Offering Rentals To Those Who Cannot Commit
But while many consumers are rethinking their wardrobes and selling off their items, many are not so quick to repurchase replacements. In fact, many are turning to rental platforms for all their fashion needs.
It is perhaps not surprising that RTR has reportedly seen a 93 percent increase in active subscribers, with many of its customers using the platform to not only just rent out workwear and special occasion attire but also athleisure, loungewear and casual apparel.

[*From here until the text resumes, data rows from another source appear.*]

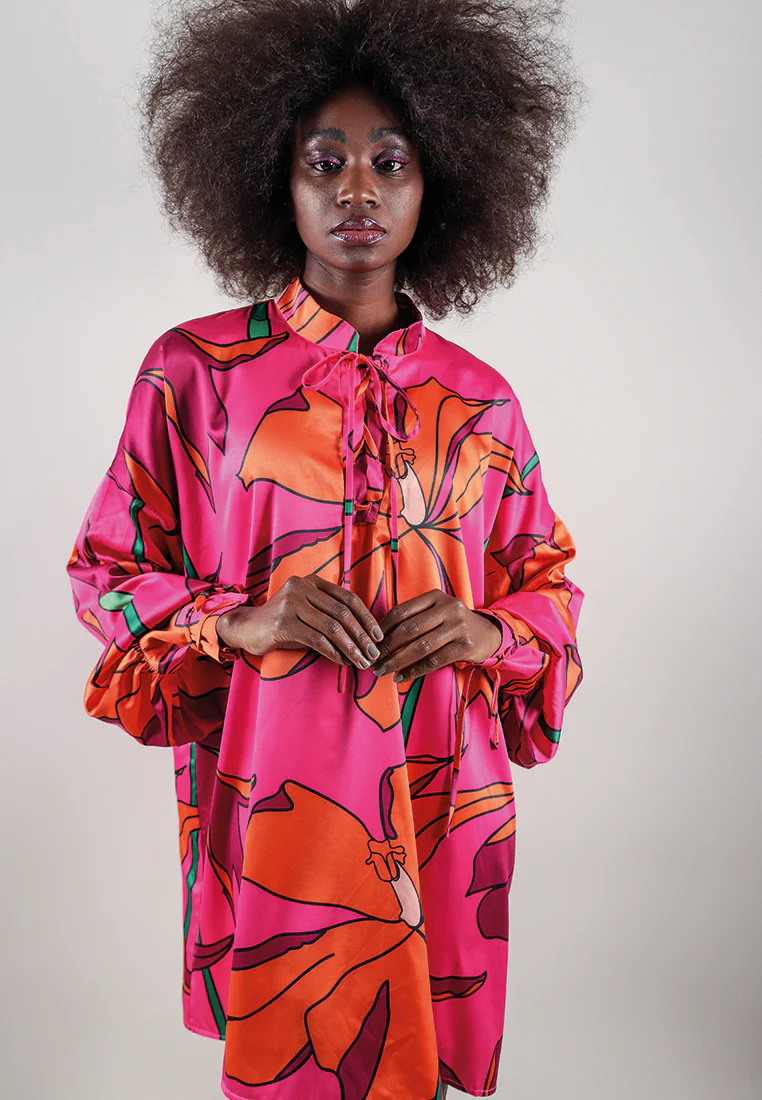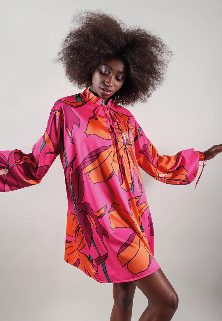 Este vestido con cuello y manga acordonado de seda es una prenda sofisticada y única, diseñada y estampada en Uruguay. El detalle acordonado en el cuello y las mangas añade un toque de elegancia y originalidad, mientras que la seda le da un acabado suave y lujoso. Ideal para ocasiones especiales o eventos elegantes, este vestido es una combinación perfecta de estilo y confort.
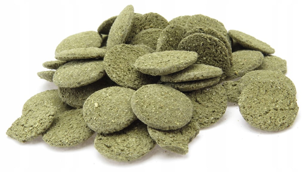 Экструдированный корм в виде тонущих вафель с добавлением морских водорослей Спирулина и растительных ингредиентов.
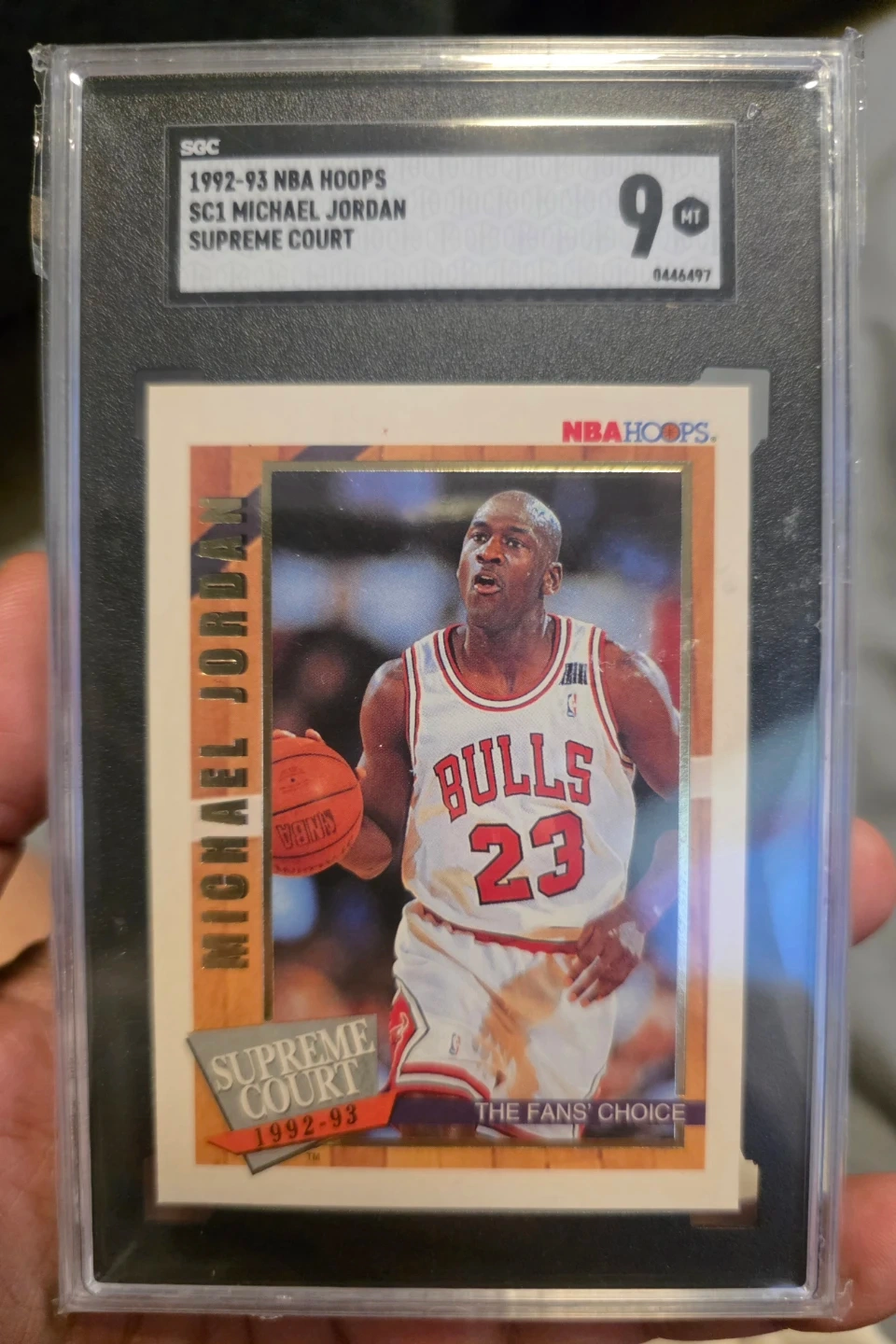 Buy & Sell1992-93 NBA Hoops Michael Jordan Supreme Court Card1992-93 NBA Hoops Michael Jordan Supreme Court Card$130This is a 1992-93 NBA Hoops SC1 Michael Jordan Supreme Court trading card. It's graded 9 MT by SGC. The card features "The Fans' Choice" designation.ConditionNewWHERE TO MEETGuildford Town CentreView MapSELLERverifiedWinstonGuildford24114 reviews0 chats·0 favorites·5 viewsSEND CHAT TO SELLERHi Winston! I’m interested in your listing.Hi Winston! I’m interested in your listing.Get the Karrot app to chatSign In to chat
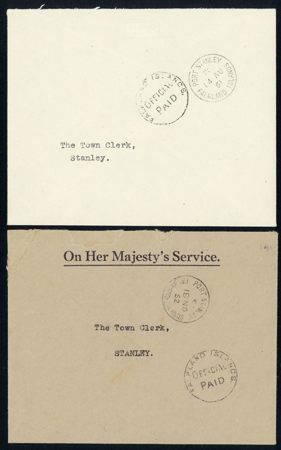 1952 and 1961 envelopes to the Town Clerk at Stanley, both showing Official Paid handstamp (PSO.4) and with arrival c.d.s. (PS.3)
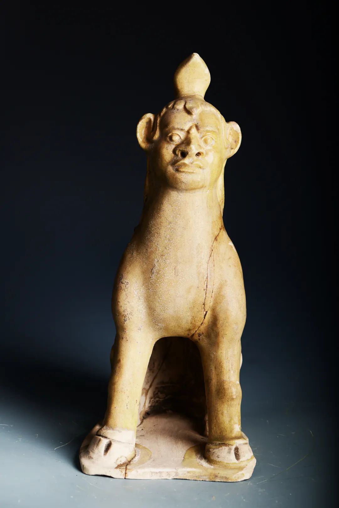 镇墓兽最早见于战国楚墓,流行于魏晋隋唐时期,五代以后逐步消失。早期镇墓兽的材质为木质,隋唐时以陶质为主。此次“撞脸”的镇墓兽,是一只耀州窑的镇墓兽。该镇墓兽胎呈灰白色,通体施黄釉、近底部无釉。人面兽身,额发上扰,头顶高耸犄角,双耳巨大向外伸张,双耳后单绺鬃毛垂至肩部,怒目圆睁、目光如炬,眉檐凸起,宽鼻突出,阔嘴微闭,背部角脊相连、脊呈火焰状,马蹄形足,前肢斜立、后肢蜷曲,蹲坐于不规则台座之上。
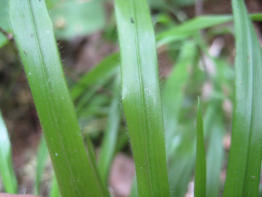 False brome leaf ← Previous A close-up shot of False brome leaves. Note that the leaves have small fibers that give them a fuzzy look.

“The data is clearly telling us that there is something about this rapidly changing climate and evolving consumer value set that has made RTR even more resonant in a post-pandemic world. We are seeing a substantial recovery across all aspects of our business, including exciting subscriber growth and new use cases for RTR,” said Rent the Runway’s Chief Executive Officer Jennifer Hyman in a press release last month.
“That, coupled with the strategic changes we made last year, have meaningfully improved our margins and overall financial profile from 2019. As a result, we’re in an incredibly strong position today. What’s even more exciting is that we are seeing this momentum organically, and with only 40 percent of the country fully vaccinated.”
Then there’s Selfridges which announced the expansion of its rental service in May 2020. As part of its extended offering, the British department store is giving shoppers access to a curated selection of new season womenswear, menswear and accessories through Selfridges Rental. The offering is just one of the many sustainable initiatives the department store plans to roll out as part of its five-year plan.
But as fashion rentals have gained momentum, players like Vivrelle are looking to fill some of the gaps within the rental market space. Through its subscription-based solution, Vivrelle enables members to rent designer handbags.
To amplify its user base, the rental platform has looked to influencer-based marketing to spread the word and has partnered with TV personality Morgan Stewart and even Instagram influencer Sai De Silva of @scoutthecity. The move to work with such people of influence is a strategy that works because it well…they are more likely to “influence” their followers to sign-up. Right? It does not get any simpler than that.
Rental And Resale: Are These Two Trends The Future Of Retail?
As we look ahead into the future of not just fashion but the broader retail industry, brands would do well to focus on putting their sustainability initiatives front and center of their sales strategy, whether it be through efforts and programs dedicated to extending the life of products, refining and incorporating more eco-friendly based materials and/or reducing their overall carbon footprint.
For me, personally, being able to rent items and resell pre-owned ones without any friction are key factors that influence my loyalty toward various brands. For anything that I do choose to buy, like those Gucci platforms I mentioned last week, I will always turn to my favorite resale apps when my purchases no longer spark joy. For everything else, subscription-based rentals seem to be a more nifty and financially savvy option I could potentially enjoy.